I have made an example with a big table and a smaller prices table.

Enter the table CarPrices, which has prices per car brand/model with starting and ending dates. I want to join all sold cars to the sales price in the CarPrices table, on the criterium SaleDate BETWEEN PriceStartingDate and PriceEndingDate, but if there is no price for the period, I want to join to the newest price that is found.

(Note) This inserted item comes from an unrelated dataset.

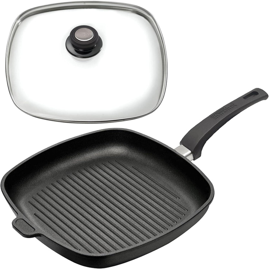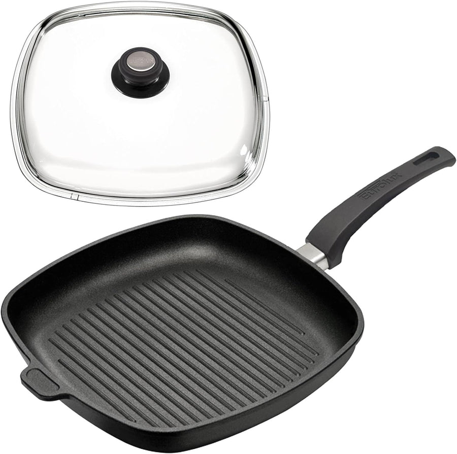 Eurolux Grillpfanne Set & Glas-Deckel 28x28 cm - grosse flache quadratische Guss-Pfanne mit Beschich

I can accomplish it like this but it is terribly slow:

WITH CarPricesTransformation AS (
    SELECT CarBrand, CarModel, PriceStartingDate,
        CASE WHEN row_number() OVER (PARTITION BY CarBrand, CarModel, 
            ORDER BY PriceStartingDate DESC) = 1
            THEN NULL ELSE PriceEndingDate END PriceEndingDate,
        Price
    FROM CarPrices
)
SELECT SUM(Price)
FROM LargeCarDataBase C
INNER JOIN CarPricesTransformation P
ON C.CarBrand = P.CarBrand
AND C.CarModel = P.CarModel
AND C.SaleDate >= P.PriceStartingDate
AND (C.SaleDate <= P.PriceEndingDate OR P.PriceEndingDate IS NULL)

A reliable way to do it quicker is to forget about making a VIEW and creating a stored procedure instead, where I first prepare the smaller prices table as a temporary table with the correct clustered index, and then make the join to that. This is much faster. But I would like to stick with a view.

Any thoughts...?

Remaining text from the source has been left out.